[Collected data entries]
== Segment start ==

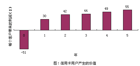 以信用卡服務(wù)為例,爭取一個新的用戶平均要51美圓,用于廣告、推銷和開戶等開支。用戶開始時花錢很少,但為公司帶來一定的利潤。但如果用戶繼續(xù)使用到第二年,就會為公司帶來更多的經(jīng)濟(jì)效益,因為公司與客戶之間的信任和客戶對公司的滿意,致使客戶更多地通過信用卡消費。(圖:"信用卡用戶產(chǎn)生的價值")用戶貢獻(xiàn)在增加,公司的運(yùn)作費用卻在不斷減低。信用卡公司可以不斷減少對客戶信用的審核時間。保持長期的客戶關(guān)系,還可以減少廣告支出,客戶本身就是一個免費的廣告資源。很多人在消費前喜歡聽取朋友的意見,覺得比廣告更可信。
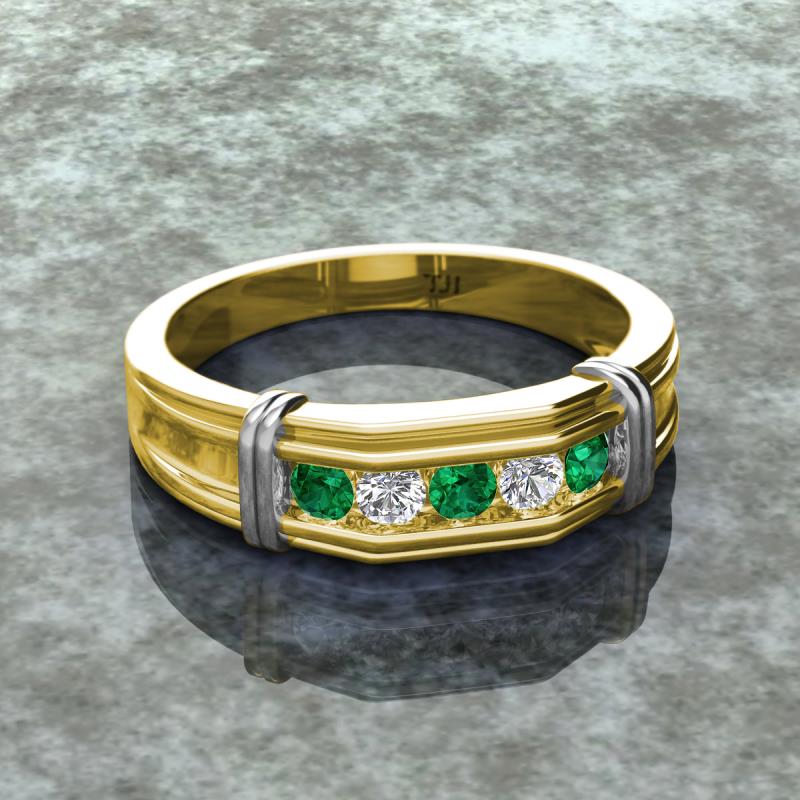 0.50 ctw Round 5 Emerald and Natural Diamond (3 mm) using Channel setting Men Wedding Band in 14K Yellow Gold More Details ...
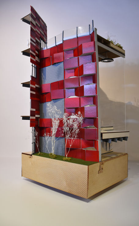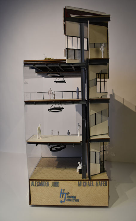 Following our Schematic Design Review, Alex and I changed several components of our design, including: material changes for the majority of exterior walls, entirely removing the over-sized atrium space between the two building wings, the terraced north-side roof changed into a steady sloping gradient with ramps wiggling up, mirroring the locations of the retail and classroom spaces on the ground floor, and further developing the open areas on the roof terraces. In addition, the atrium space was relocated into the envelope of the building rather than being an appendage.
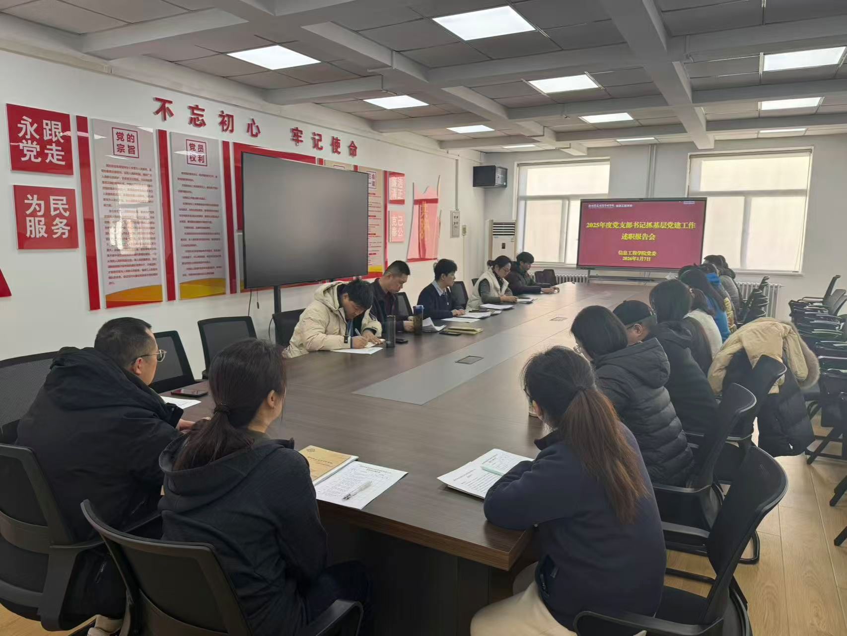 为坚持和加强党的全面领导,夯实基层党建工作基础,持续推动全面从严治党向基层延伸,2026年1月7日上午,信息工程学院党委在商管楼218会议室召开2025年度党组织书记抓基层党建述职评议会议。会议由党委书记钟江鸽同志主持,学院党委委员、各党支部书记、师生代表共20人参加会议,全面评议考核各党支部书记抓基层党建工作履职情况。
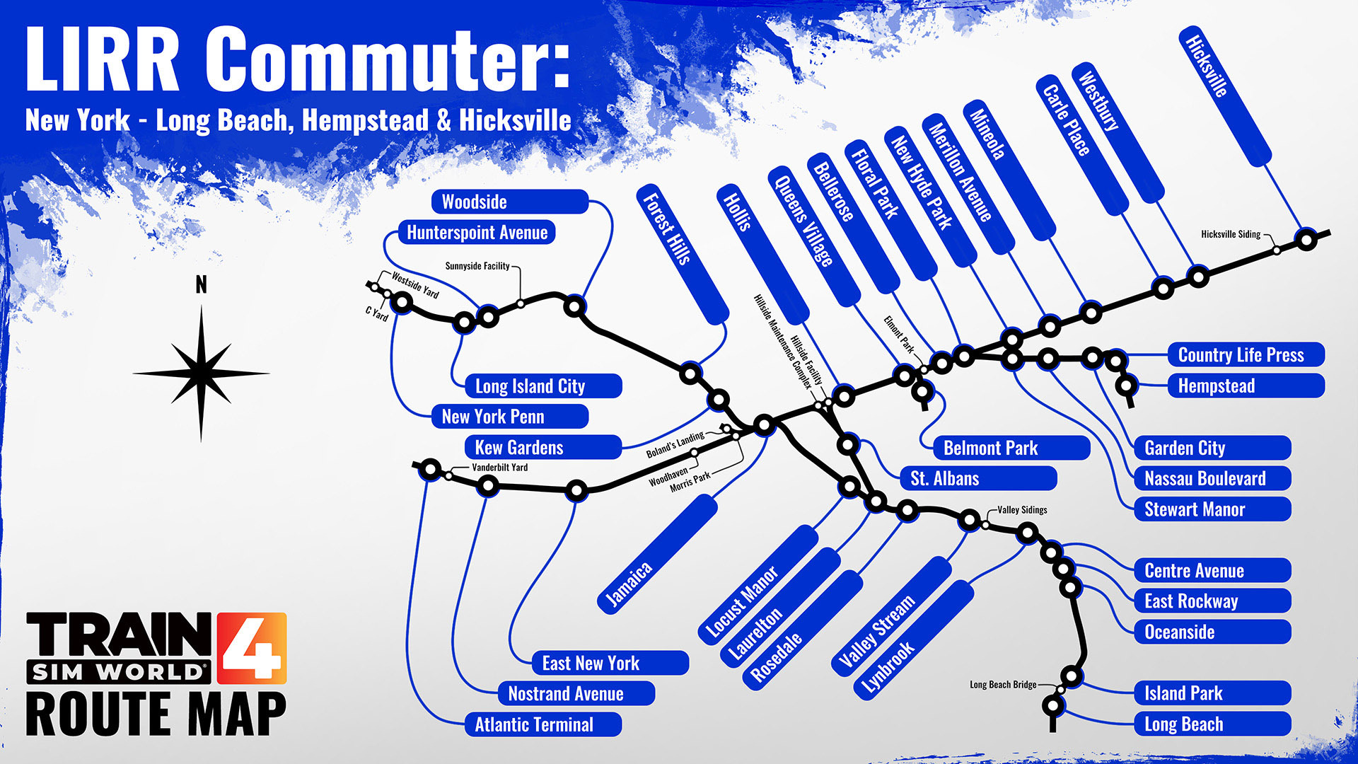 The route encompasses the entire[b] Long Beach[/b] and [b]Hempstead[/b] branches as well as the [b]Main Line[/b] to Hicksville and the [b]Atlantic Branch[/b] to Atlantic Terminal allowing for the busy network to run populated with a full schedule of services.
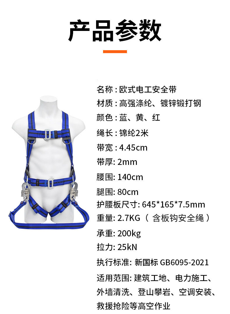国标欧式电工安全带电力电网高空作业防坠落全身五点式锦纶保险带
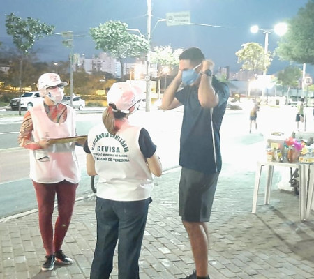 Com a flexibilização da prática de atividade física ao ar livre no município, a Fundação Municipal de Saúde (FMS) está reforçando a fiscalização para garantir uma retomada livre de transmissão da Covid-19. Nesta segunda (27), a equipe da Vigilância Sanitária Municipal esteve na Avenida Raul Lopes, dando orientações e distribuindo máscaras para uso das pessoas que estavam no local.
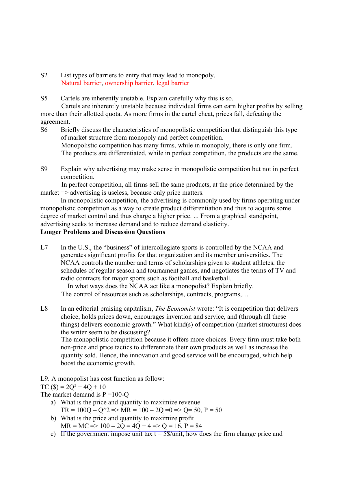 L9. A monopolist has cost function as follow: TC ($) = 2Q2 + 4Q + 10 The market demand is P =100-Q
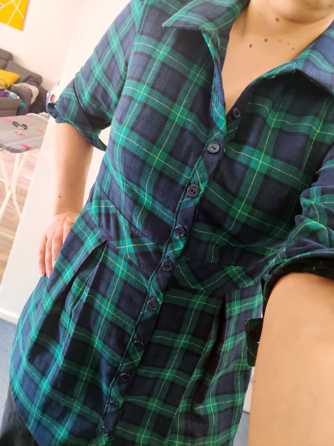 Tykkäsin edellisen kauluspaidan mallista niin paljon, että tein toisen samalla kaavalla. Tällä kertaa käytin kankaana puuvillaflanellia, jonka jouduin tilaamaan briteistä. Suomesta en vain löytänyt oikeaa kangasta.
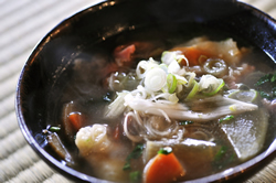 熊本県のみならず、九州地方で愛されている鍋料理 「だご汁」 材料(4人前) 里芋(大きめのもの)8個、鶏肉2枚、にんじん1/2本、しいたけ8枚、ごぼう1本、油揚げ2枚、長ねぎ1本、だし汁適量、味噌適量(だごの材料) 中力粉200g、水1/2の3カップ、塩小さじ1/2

== Segment end ==

How to complete this task
Once the line with "国标欧式电工安全带电力电网高空作业防坠落全身五点式锦纶保险带" is found above, print it and every line after it through the line with "Tykkäsin edellisen kauluspaidan", exactly. Pictures stay out.

Response to this exercise
国标欧式电工安全带电力电网高空作业防坠落全身五点式锦纶保险带
 Com a flexibilização da prática de atividade física ao ar livre no município, a Fundação Municipal de Saúde (FMS) está reforçando a fiscalização para garantir uma retomada livre de transmissão da Covid-19. Nesta segunda (27), a equipe da Vigilância Sanitária Municipal esteve na Avenida Raul Lopes, dando orientações e distribuindo máscaras para uso das pessoas que estavam no local.
 L9. A monopolist has cost function as follow: TC ($) = 2Q2 + 4Q + 10 The market demand is P =100-Q
 Tykkäsin edellisen kauluspaidan mallista niin paljon, että tein toisen samalla kaavalla. Tällä kertaa käytin kankaana puuvillaflanellia, jonka jouduin tilaamaan briteistä. Suomesta en vain löytänyt oikeaa kangasta.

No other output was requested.